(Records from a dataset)

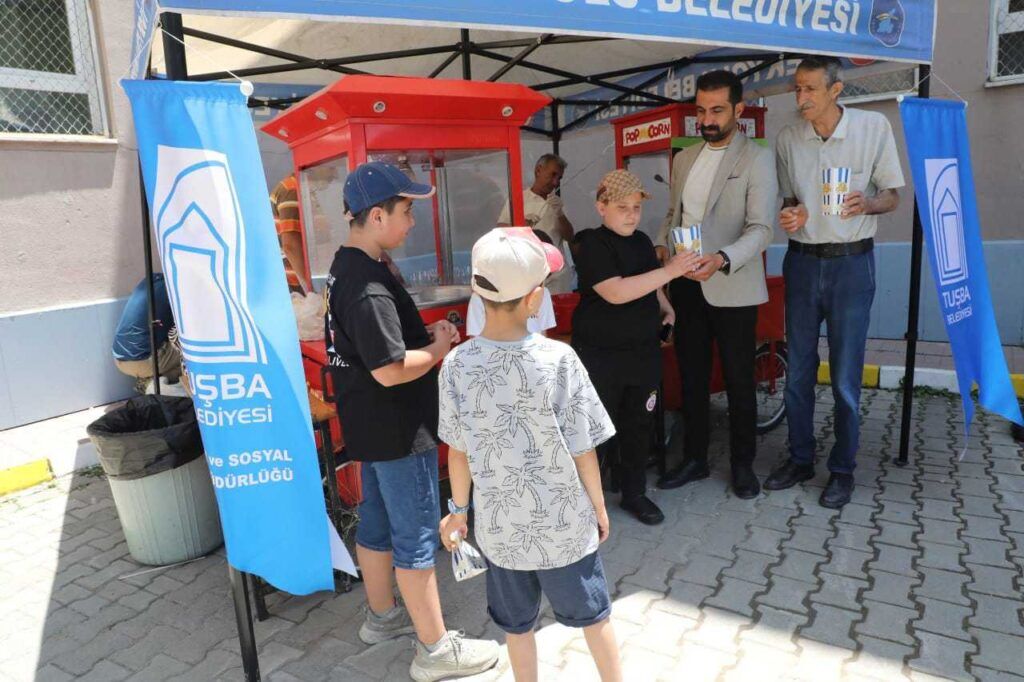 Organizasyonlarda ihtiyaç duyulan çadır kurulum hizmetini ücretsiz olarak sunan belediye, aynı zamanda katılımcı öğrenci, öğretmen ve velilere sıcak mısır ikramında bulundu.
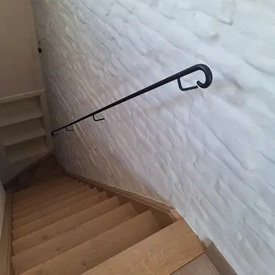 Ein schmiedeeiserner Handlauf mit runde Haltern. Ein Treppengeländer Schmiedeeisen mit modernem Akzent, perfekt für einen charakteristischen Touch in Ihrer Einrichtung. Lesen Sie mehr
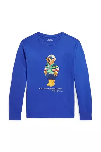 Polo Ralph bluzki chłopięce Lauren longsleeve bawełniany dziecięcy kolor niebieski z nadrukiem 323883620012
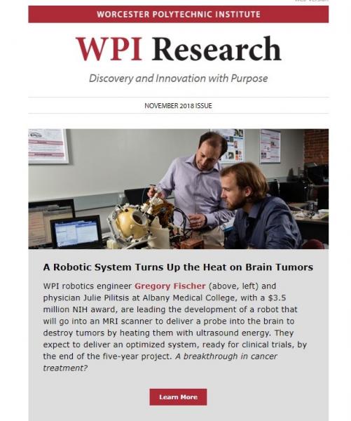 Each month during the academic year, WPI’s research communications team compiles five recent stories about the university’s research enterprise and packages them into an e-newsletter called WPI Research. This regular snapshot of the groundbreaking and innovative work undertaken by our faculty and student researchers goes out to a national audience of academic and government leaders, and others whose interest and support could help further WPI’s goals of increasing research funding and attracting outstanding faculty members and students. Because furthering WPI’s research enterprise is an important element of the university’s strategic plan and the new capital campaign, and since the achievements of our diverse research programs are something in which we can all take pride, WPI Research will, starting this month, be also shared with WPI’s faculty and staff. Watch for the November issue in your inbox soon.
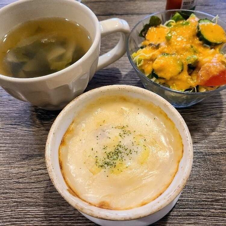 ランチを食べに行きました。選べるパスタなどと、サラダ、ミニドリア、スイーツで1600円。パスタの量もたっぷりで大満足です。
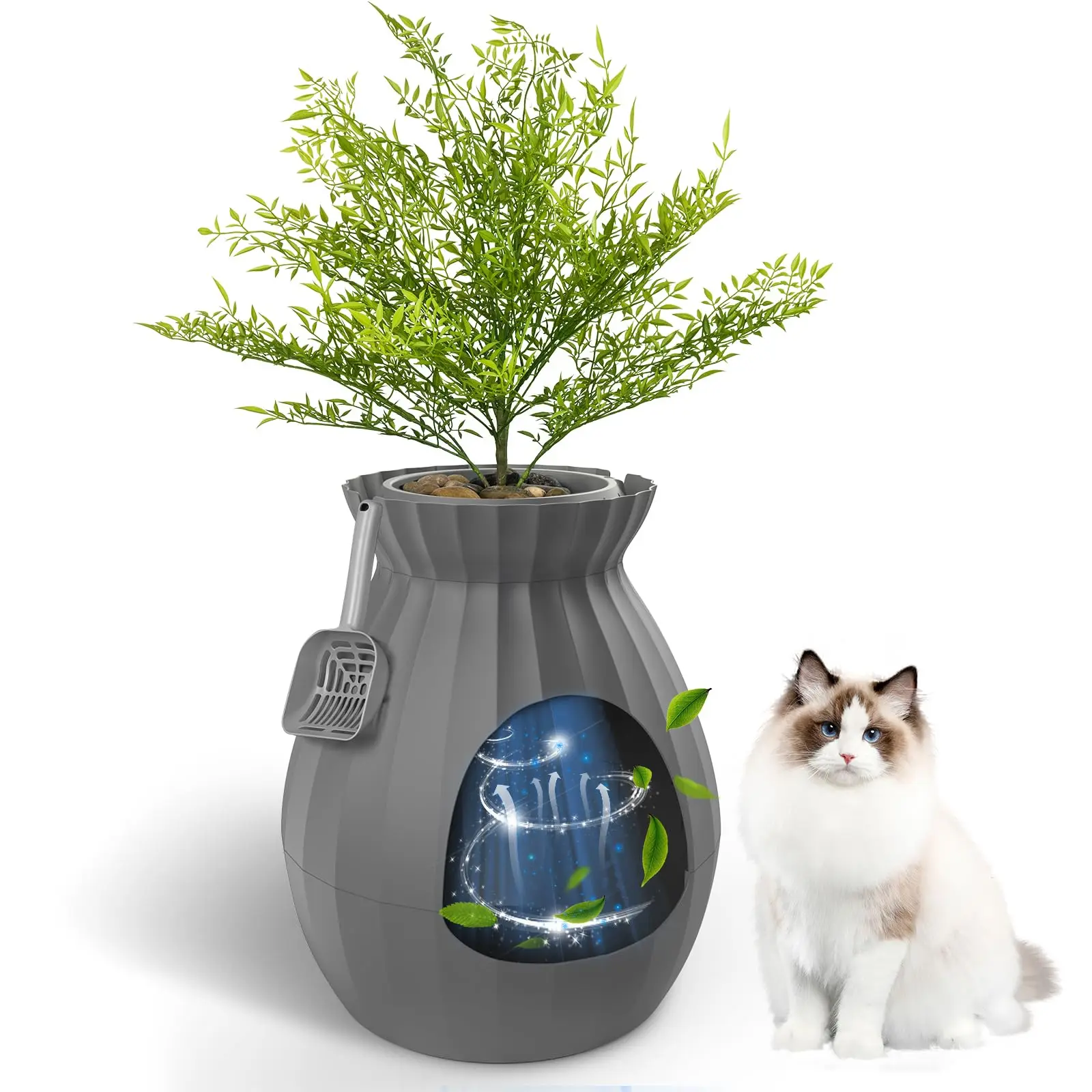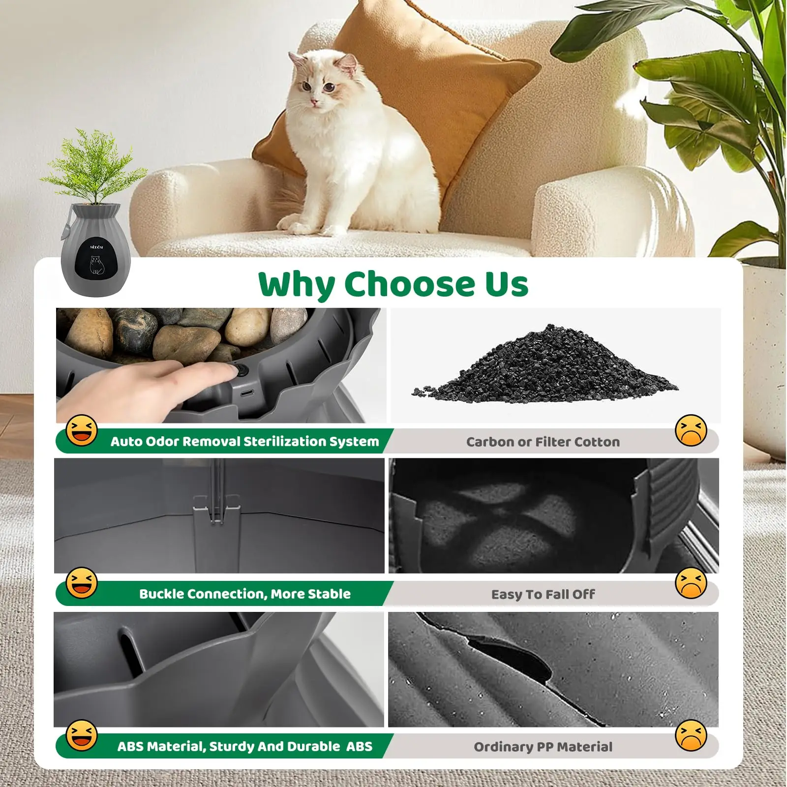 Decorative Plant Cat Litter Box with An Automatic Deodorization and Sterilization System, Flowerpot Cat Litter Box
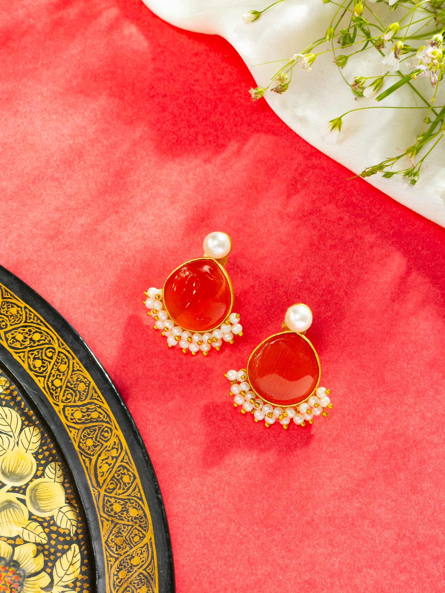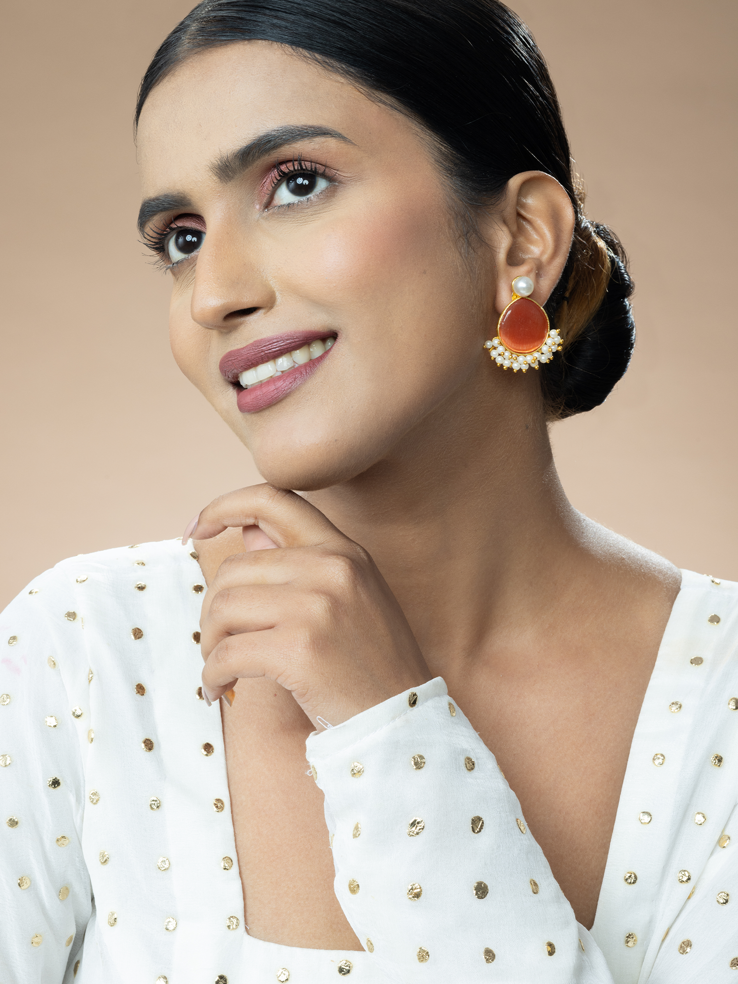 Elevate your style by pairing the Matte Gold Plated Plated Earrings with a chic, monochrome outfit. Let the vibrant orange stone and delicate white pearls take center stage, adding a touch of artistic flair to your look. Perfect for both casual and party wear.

(Problem to work on) Would you please output each record exactly, leaving the images out?

(Written answer)
 Organizasyonlarda ihtiyaç duyulan çadır kurulum hizmetini ücretsiz olarak sunan belediye, aynı zamanda katılımcı öğrenci, öğretmen ve velilere sıcak mısır ikramında bulundu.
 Ein schmiedeeiserner Handlauf mit runde Haltern. Ein Treppengeländer Schmiedeeisen mit modernem Akzent, perfekt für einen charakteristischen Touch in Ihrer Einrichtung. Lesen Sie mehr
 Polo Ralph bluzki chłopięce Lauren longsleeve bawełniany dziecięcy kolor niebieski z nadrukiem 323883620012
 Each month during the academic year, WPI’s research communications team compiles five recent stories about the university’s research enterprise and packages them into an e-newsletter called WPI Research. This regular snapshot of the groundbreaking and innovative work undertaken by our faculty and student researchers goes out to a national audience of academic and government leaders, and others whose interest and support could help further WPI’s goals of increasing research funding and attracting outstanding faculty members and students. Because furthering WPI’s research enterprise is an important element of the university’s strategic plan and the new capital campaign, and since the achievements of our diverse research programs are something in which we can all take pride, WPI Research will, starting this month, be also shared with WPI’s faculty and staff. Watch for the November issue in your inbox soon.
 ランチを食べに行きました。選べるパスタなどと、サラダ、ミニドリア、スイーツで1600円。パスタの量もたっぷりで大満足です。
 Decorative Plant Cat Litter Box with An Automatic Deodorization and Sterilization System, Flowerpot Cat Litter Box
 Elevate your style by pairing the Matte Gold Plated Plated Earrings with a chic, monochrome outfit. Let the vibrant orange stone and delicate white pearls take center stage, adding a touch of artistic flair to your look. Perfect for both casual and party wear.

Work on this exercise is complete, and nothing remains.